McClarren, Ryan G (2018). Uncertainty Quantification and Predictive Computational Science: A Foundation for Physical Scientists and Engineers, Chapter 4: Local Sensitivity Analysis Based on Derivative Approximations, Springer, https://doi.org/10.1007/978-3-319-99525-0_4

5.2.1 Lasso Regression Basics

Lasso stands for the Least Absolute Shrinkage and Selection Operator. Unlike the ridge regression, the lasso regression make the penealty to be 1-norm ($L_1$) of the coefficient

$$\hat{\beta}_{lasso} = \min_{\beta} \sum^{I}_{i=1}(y_i-\boldsymbol{\beta} \cdot \boldsymbol{X}_i)^2 + \lambda \Vert \boldsymbol{\beta} \Vert_1 $$

Using the $L_1$ penalty tends to make some of the coefficients to be zero, which is also called a sparse model. In a sparse model, many of the coefficients are close to zero, and there are a few large non-zero coeffcients. In other words, this model does not include variables that are not important (variables with zero coeffcients).

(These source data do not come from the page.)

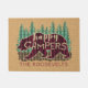 Leinwandbären des Campings der glücklichen Lagerbewohner des rustikalen nennen karierter Kiefernwald, Camper die personalisierte Familie
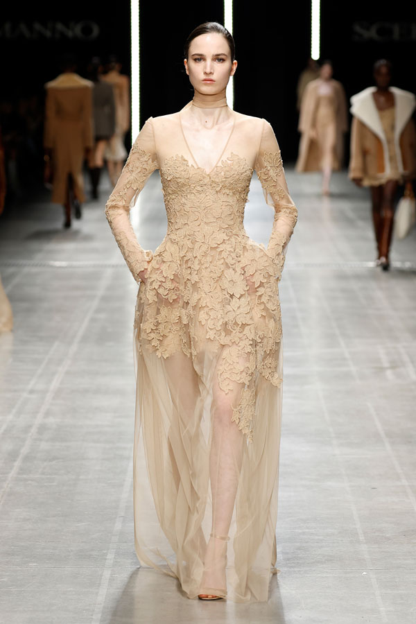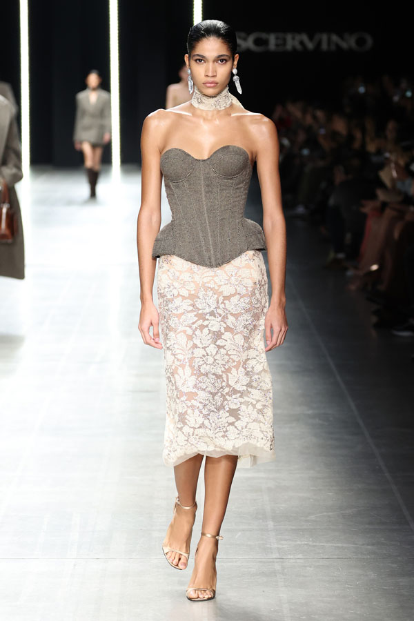 This season, Ermanno Scervino delivered a masterclass in modern femininity, blending tension and harmony to redefine contemporary fashion. The collection, a stunning synthesis of tradition and innovation, reaffirmed the Maison’s unwavering commitment to craftsmanship and artistic storytelling.
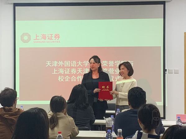 天外求索荣誉学院与上海证券天津营业部共同签署合作协议,正式挂牌成立实习就业基地。
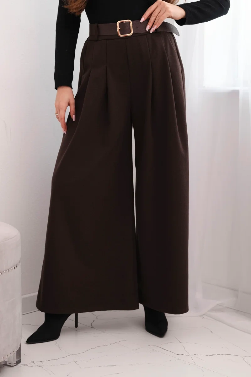 Ein zusätzlicher Vorteil ist der breite Gürtel mit Schnalle im Set, der die Taille betont und der Garderobe einen modischen Akzent verleiht. Die Hose verfügt über elegante Falten an der Vorderseite, was ihr ein ausgefeilteres Aussehen verleiht – sie eignet sich sowohl für den Alltag als auch für die Arbeit oder Geschäftstreffen.
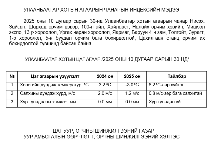 УЛААНБААТАР ХОТЫН АГААРЫН ЧАНАРЫН ХЯНАЛТ ШИНЖИЛГЭЭНИЙ ХОНОГИЙН МЭДЭЭ /2025.10.30/
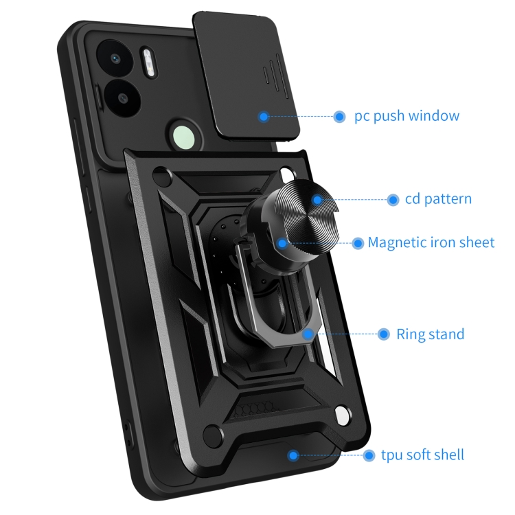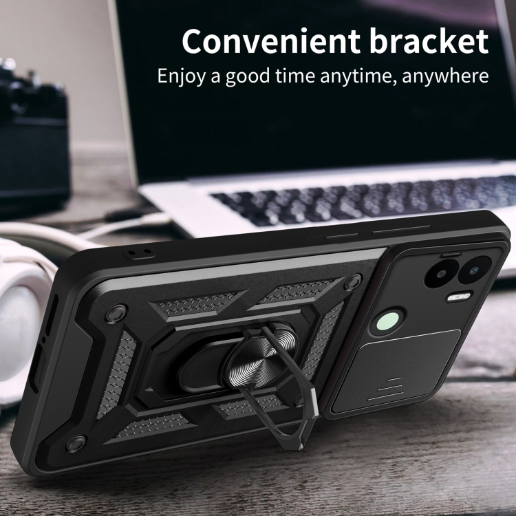 Funda Híbrida de TPU y PC con Diseño de Cubierta Deslizante para Cámara Xiaomi Redmi A1+ (Roja)
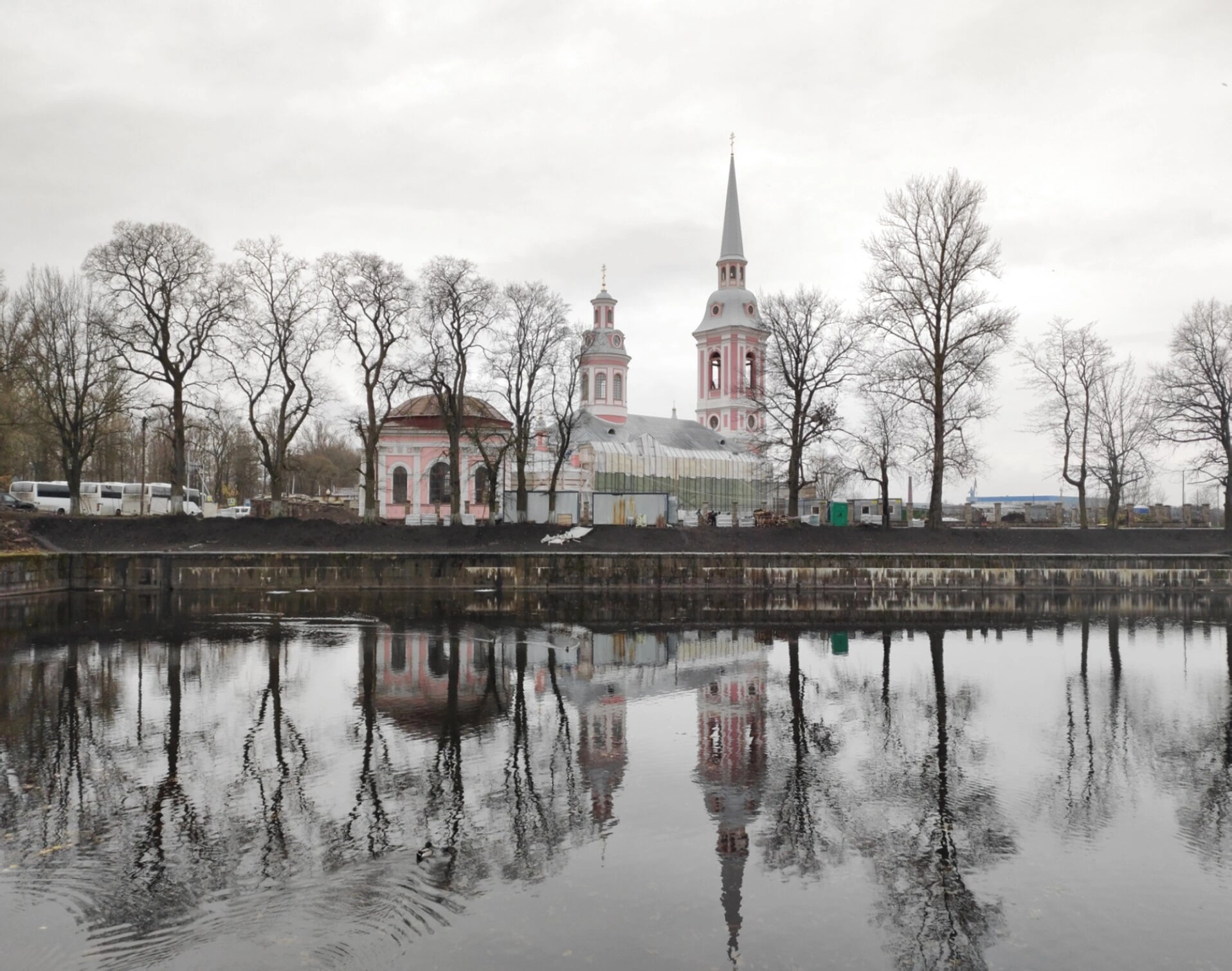 На снимке собор красуется в своём величии, отражаясь в спокойных водах канала. Пасмурное осеннее небо с облачным покровом создаёт мягкое, рассеянное освещение, подчёркивая монументальность архитектурных форм и гармоничность пропорций храма. Оголённые ветви деревьев, окружающих собор, указывают на позднюю осень или раннюю весну, добавляя снимку особое лирическое настроение и ощущение тихого благоговения.
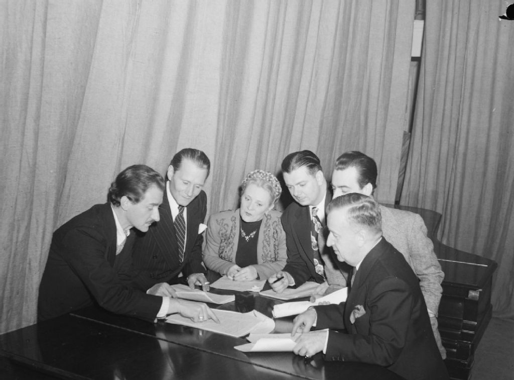 Groupe de comédiens réunis autour d'une table pour l'enregistrement du radiothéâtre "Ceux qu'on aime" d'Aliette Brisset-Thibaudeau diffusé par la station C.B.C. à Montréal. Nous apercevons, à partir de l'extrême gauche, le directeur dramatique, Paul Leduc, les comédiens Paul Guy, Jeanne Demons, François Lavigne, François Bertrand et Hector Pellerin

5.2.2 An example of the lasso regression

This is an example adapted from the example in Section 5.3 of the book. Let us assume that we have a simulation that has 200 input variables and only 120 simulations can be afforded. The sklearn.linbear_model is used to do the fit.

Firstly, we used a model with 5 large non-zero ceofficients (between 5~30) and the rest coefficients are 0.1

In [2]:
# Generate some sparse data
np.random.seed(711)

# number of samples is 120 and the dimension of varaibles os 200
n_samples, n_features = 100, 200
X = np.random.randn(n_samples, n_features)

# generate coefficients
LargeCoef = 5
SenCoef = np.zeros(n_features)
for i in range(LargeCoef):
    SenCoef[i] = 5 + 20*np.random.rand()
for i in range(LargeCoef, n_features):
    SenCoef[i] = 0.1*np.random.rand()
    
# generate y
y = np.dot(X, SenCoef) + np.random.normal(loc=0, scale=0.001, size=n_samples)

# cross-validation and fit
reg = LassoCV(cv=50).fit(X, y)
print("Residue of the fiting")
print(reg.score(X, y))
print("Weight")
print(reg.alpha_)

# plot the results
fig, ax = plt.subplots(figsize=(12, 9))
fig.subplots_adjust(bottom=0.15, left=0.2)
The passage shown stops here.